Cara Allah memuliakan orang-orang yang istiqamah di antaranya dengan memberikan banyak kemudahan dalam kehidupan ini kepadanya. Sebuah pepatah Arab dalam Syarh Mukhtashar Jiddan ‘ala Matn al-Ajurumiyyah, hlm. 12, karya Sayyid Ahmad Zaini Dahlan: haitsuma tastaqim yuqaddir lakallah najahan (di manapun kamu istiqamah, maka Allah akan menakdirkanmu kesuksesan).

Oleh karena itu Ibnul Qoyyim rahimahullah menukilkan perkataan yang indah dalam kitabnya Madarijus Salikin:

كُن صاحبَ الاستقامَةِ لا طالِبَ الكَرامة ، فإنَّ نفسَك متحرِّكَةٌ في طلَبِ الكرامةِ، وربُّك يُطالبُكَ بالاستقامةِ

Jadilah orang yang beristiqomah, (dan) jangan menjadi pencari karamah, karena (sifat) jiwamu itu tergerak mencari karamah, sedangkan Rabb-mu menuntutmu untuk istiqomah!
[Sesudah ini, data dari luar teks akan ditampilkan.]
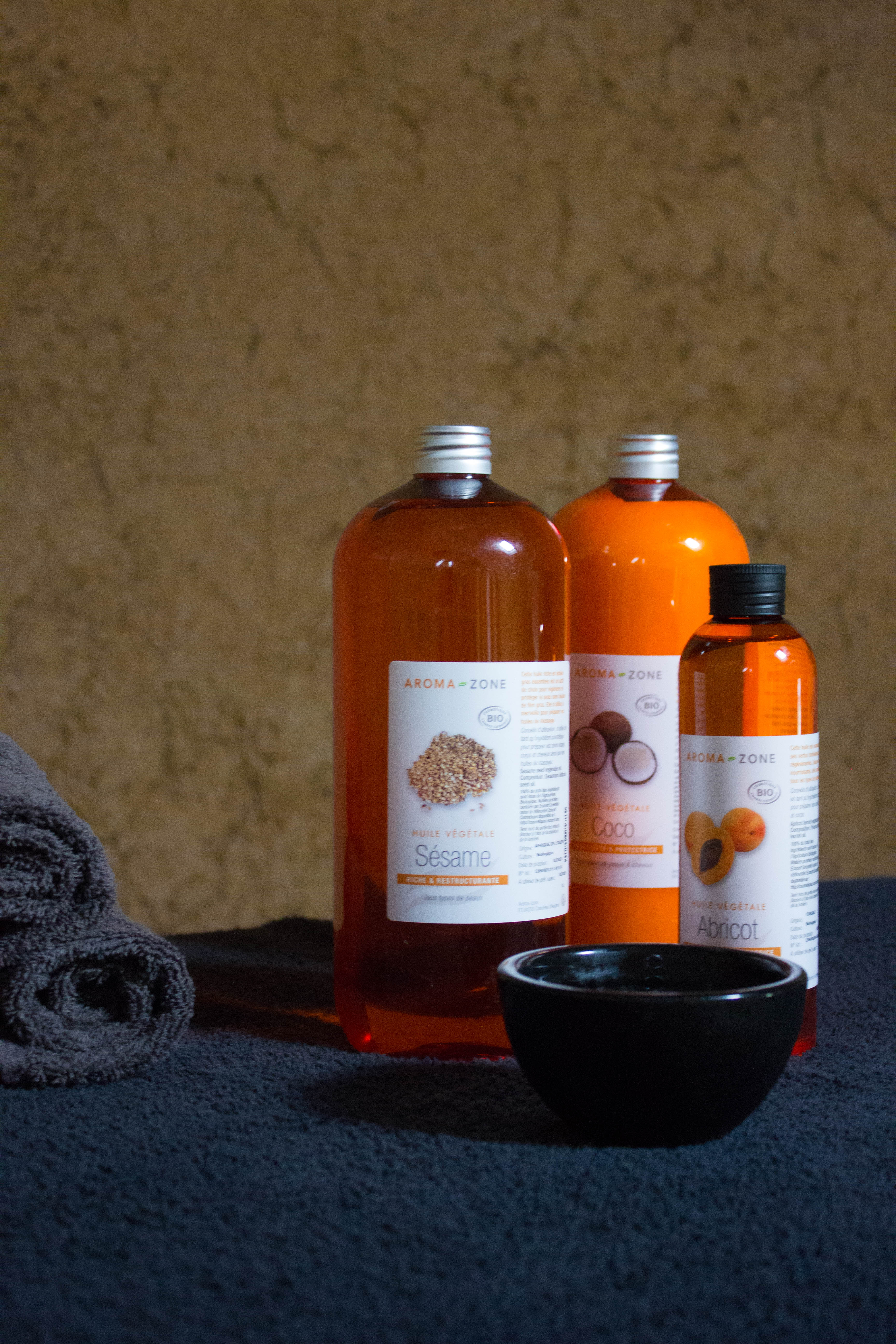 Les huiles végétales bio relaxantes, ressourçantes et enveloppantes que j’utilise, contribuent à faire de ce temps de soin, un moment de retour à soi.

Perlu juga mewaspadagi gangguan-gangguan keistiqamah. Pertama, seringkali gangguan keistiqamahan adalah karena mengikuti ajakan-ajakan manusia yang menjauhkan kita dari kebutuhan kita kepada Allah. Difirmankan dalam Surat Asy-Syura [42] ayat 15:

وَاسْتَقِمْ كَمَا أُمِرْتَ وَلا تَتَّبِعْ أَهْوَاءَهُمْ وَقُلْ آمَنْتُ بِمَا أَنْزَلَ اللَّهُ مِنْ كِتَابٍ وَأُمِرْتُ لِأَعْدِلَ بَيْنَكُمُ  

Dan tetaplah (istiqamah beriman dan berdakwah) sebagaimana diperintahkan kepadamu (Muhammad) dan janganlah mengikuti keinginan mereka dan katakanlah, ‘Aku beriman kepada Kitab yang diturunkan Allah dan aku diperintahkan agar berlaku adil di antara kamu.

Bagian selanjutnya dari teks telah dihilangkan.